Taken together, our findings indicate that for M3R, pilocarpine can behave as either agonist or antagonist, depending on the expression level of the receptor and the downstream signaling. For M1R, pilocarpine is a full agonist regardless of the functional readout.

To further investigate the relationship between PIP2 hydrolysis and Ca2+ mobilization, we examined the effects of pilocarpine and CCh on M3R and M1R overexpressed in CHO-K1 cells under the same conditions (Fig. 5, A and B; Table 1).
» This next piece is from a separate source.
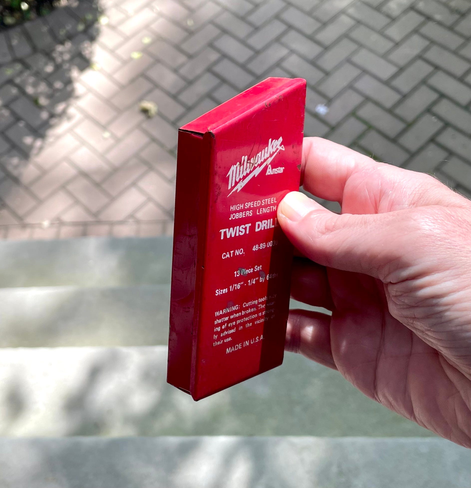 As you can see in the photo above, the case is a small metal trapezoid. I got it about 20 years ago at a flea market — not because I needed drill bits (I already had a set), but because I liked the case so much. Here’s another photo, so you can get a better idea of how thick it is:
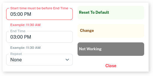When editing the Team Weekly Roster and the finish time is before the end time, the system will give you a warning to let you know you have entered in an incorrect time

Our results with overexpressed M1R show that the EC50 in the Ca2+ assay was about 10-fold lower than the EC50 determined in the PIP2 assay for both CCh and pilocarpine. Thus, Ca2+ assay is significantly more sensitive to agonists compared with PIP2 assay. For example, at 0.2 μM of either CCh or pilocarpine, PIP2 response is barely detectable (<10% of maximal), whereas Ca2+ increase is already at 40%–80% of the maximum (Fig. 5A, vertical green line). These results are consistent with earlier work (e.g., (Evans et al., 1985) reporting higher potency of muscarinic agonists in stimulating Ca2+ versus PIP2 responses. The Ca2+ assay can be expected to be more sensitive than PIP2 hydrolysis because of signal amplification in the cascade, where a relatively small number of IP3 molecules can trigger the release of numerous Ca2+ ions from the stores.

Fig. 5.

Fig. 5.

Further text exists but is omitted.